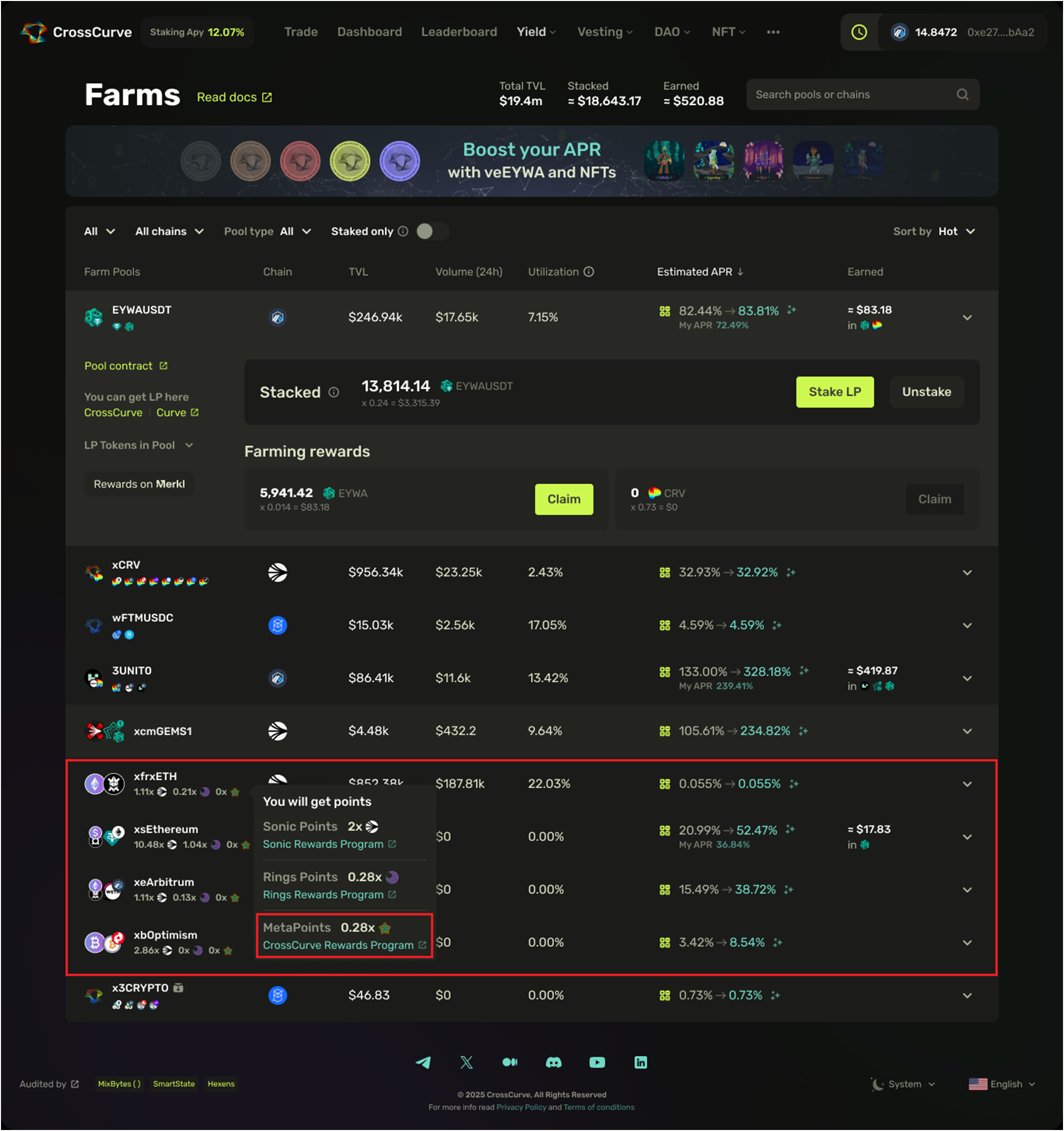 * Users who provide liquidity to participating pools<mark style="color:red;">**\***</mark> in the **Farms** tab by staking LP tokens in the CrossCurve app
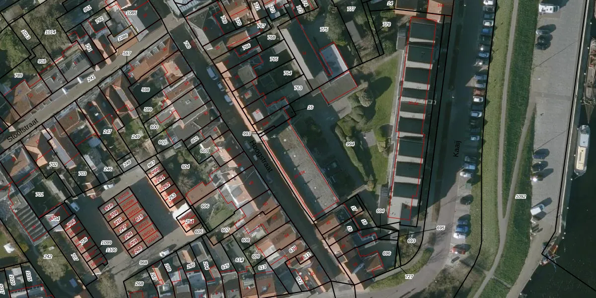 Het perceel waarop Hoogstraat 37-a staat heeft een oppervlakte van 2699 m². Dit is een zeer groot perceel. De perceeloppervlakte wordt geregistreerd door het Kadaster. Gedetailleerde informatie over de maten van dit perceel kunt u vinden in het rapport Kadastrale kaart met maatvoering van Hoogstraat 37-a.
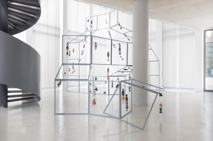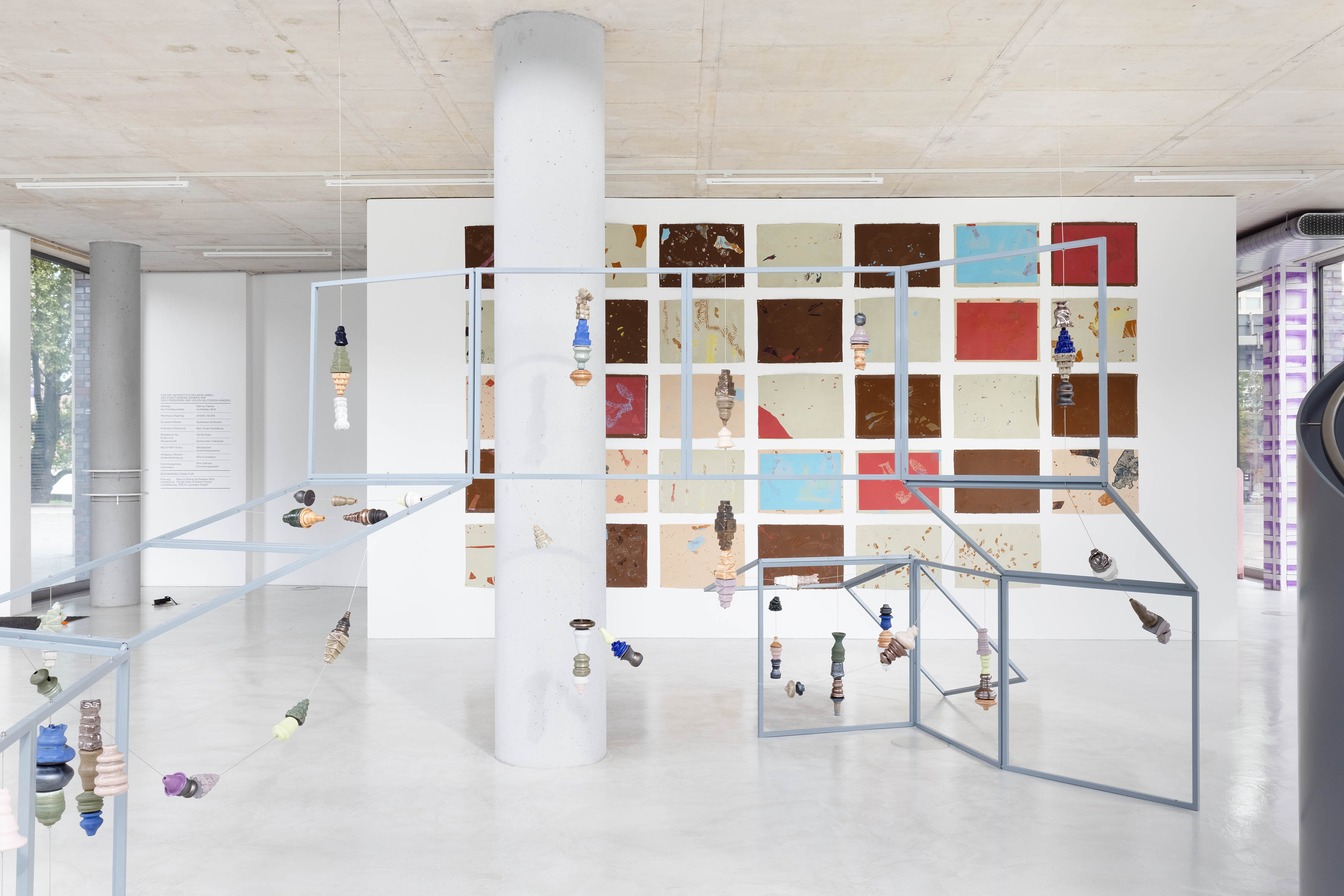 In her exhibition Stringing Beads, she presents new drawings and ceramics that reflect on the fragility and instability of human existence: handmade ceramic beads, threaded into a meandering, modular architecture, draw parallels between craft techniques and narrative processes. The artist contrasts this linear experience of time with the rotating movement of the potter's wheel: history both progresses and repeats itself. Her installation thus creates its own cosmos, addressing interruptions and breaks in the transmission of history and—as in the Tower of Babel—the cycles of construction, collapse, and reconstruction.
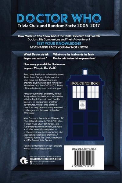How Much Do You Know About the Tenth, Eleventh and Twelfth Doctors, His Companions and Their Adventures? TEST YOUR KNOWLEDGE! FASCINATING FACTS YOU MAY NOT KNOW! Which Doctor ate fish Fingers and custard? What were the final works the tenth Doctor said before his regeneration? How many years did the Doctor vow to guard Missy in The Vault? If you love the Doctor Who that featured these three Doctors, this book is for you! There are 300 questions and answers, plus many random fun Doctor Who show facts from 2005-2017. Many of these facts may even fascinate you. Amaze your friends and family with all things related to the Doctor Who series with the Tenth, Eleventh, and Twelfth Doctors, his companions and their adventures. While some of these questions may be easy, many are sure to challenge even the most diehard of Whovians! M.A. Cassata is the author of Timeless TV Quiz & Random Facts:'60s to'80s, Pop 'n' Rock Trivia Quiz: '60s to'80s , The Superheroes Movies Trivia Quiz Book and other entertainment/celebrity-themed tribute books including, The Elton John Scrapbook , Starman: A Tribute to Bowie , The Cher Scrapbook and The Essential Jim Carrey.
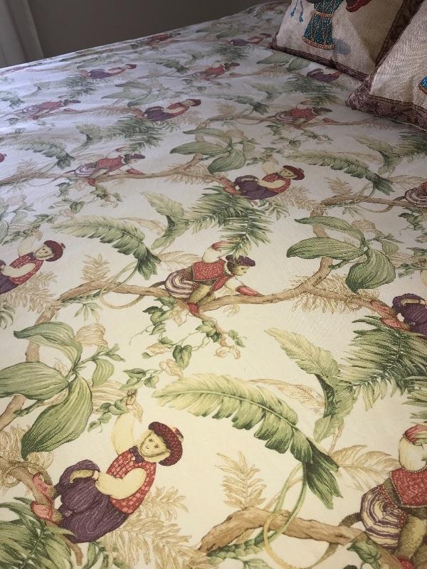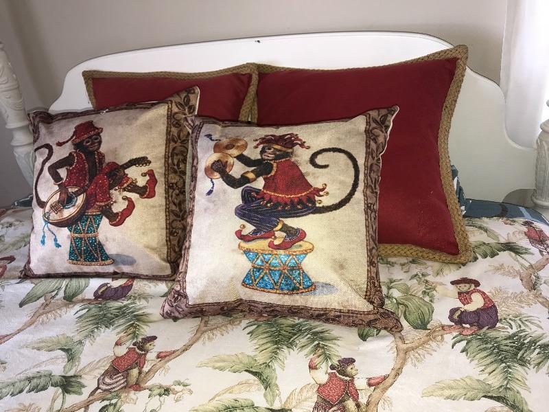 Queen size monkey duvet, 2 monkey pillows, 2 red pillows. Non smoking/no pet home.
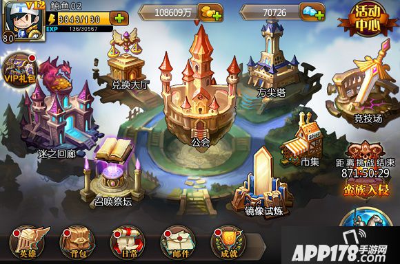 在所有能进行强化操作的地方,界面上都会出现一个红色圆点进行提示。首先对该英雄进行升级操作,英雄的能提升的最高等级为人物的当前等级(即若人物当前为10级,在升级药水足够的情况下,英雄等级最高能提升至10级)。那么问题来了,等级经验药水从何而来呢?游戏中可通过完成镜像试炼获得,同时通过出征及完成任务也能获得哦~~

- What is needed: Set down the line containing "Queen size monkey" and every line after it up to the end of the material, exactly as written, but not the pictures.

- Answer box:
 Queen size monkey duvet, 2 monkey pillows, 2 red pillows. Non smoking/no pet home.
 在所有能进行强化操作的地方,界面上都会出现一个红色圆点进行提示。首先对该英雄进行升级操作,英雄的能提升的最高等级为人物的当前等级(即若人物当前为10级,在升级药水足够的情况下,英雄等级最高能提升至10级)。那么问题来了,等级经验药水从何而来呢?游戏中可通过完成镜像试炼获得,同时通过出征及完成任务也能获得哦~~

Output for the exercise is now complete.